By Chris Donkin
Ericsson, Nvidia plot virtual RAN revolution
Edge computing specialist Nvidia revealed it had worked with Ericsson to develop advanced virtualised RAN (V-RAN) infrastructure, an innovation the two said would help operators better deploy AI applications over 5G.
Speaking at a keynote held on the eve of the event’s formal opening, Nvidia CEO Jensen Huang (pictured, right) said the pair had partnered to develop software-defined 5G RAN, which he added initially neither company “knew if it could be done”.
Following the revelation, Ericsson EVP and head of Business Area Networks Fredrik Jejdling (pictured, left) was brought on stage to discuss the potential for software-defined RAN technology, along with its impact for both the vendor’s business and operators.
Jejdling said the companies explored how to define the “next generation of V-RAN using the GPUs produced by Nvidia and combined with our years of wireless industry knowledge to create something that’s powerful and flexible for our customers”.
“Mobile operators across the world are looking for different architectures enabling them to take advantage of 5G. Our collaboration is figuring out an efficient way of providing that,” he added.

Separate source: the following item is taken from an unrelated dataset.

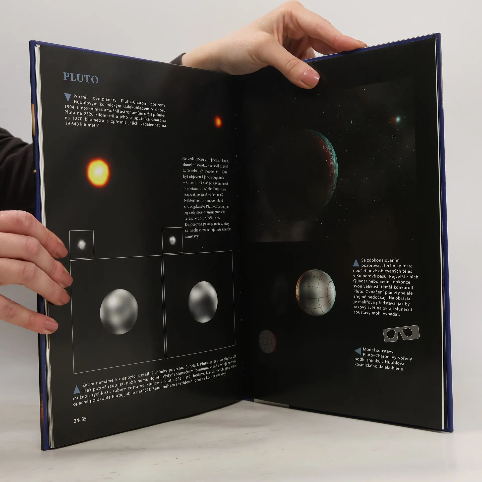 Vesmírné putování začíná Sluncem a pokračuje návštěvou Merkuru, Venuše, Země i jejího věrného souputníka Měsíce. Dále se podíváme na Mars a planetky nacházející se mezi drahou Marsu a Jupiteru, navštívíme i samotný Jupiter a jeho obří družice, nezapomeneme ani na další planety: Saturn, Uran, Neptun a Pluto. Knížka je výjimečná především tím, že vesmírné objekty můžeme vidět za pomoci 3D brýlí trojrozměrně, jako bychom se ocitli v jejich bezprostřední blízkosti.

Huang noted the deployment of 5G V-RAN by operators was one of the last key components of the “smart everything revolution,” alongside adoption of cloud-native applications, AI and GPU technologies.
Development work on the software-based RAN platform is still ongoing.
AI advances
In addition to the partnership with Ericsson, Huang highlighted advances in AI already made using Nvidia’s computing platform and backed 5G to provide further advances once advanced capabilities are brought to the edge.
To this end, he also unveiled a partnership with software company Red Hat to provide its GPU and AI computing platforms to operators, and unveiled the EGX, which it claimed was the “world’s first super-computing edge server optimised for AI”.
Among the sectors Huang pointed to as having potential for AI at the edge are connected cars; remote farming; and call centres, where data needs to be kept locally for privacy or legal reasons.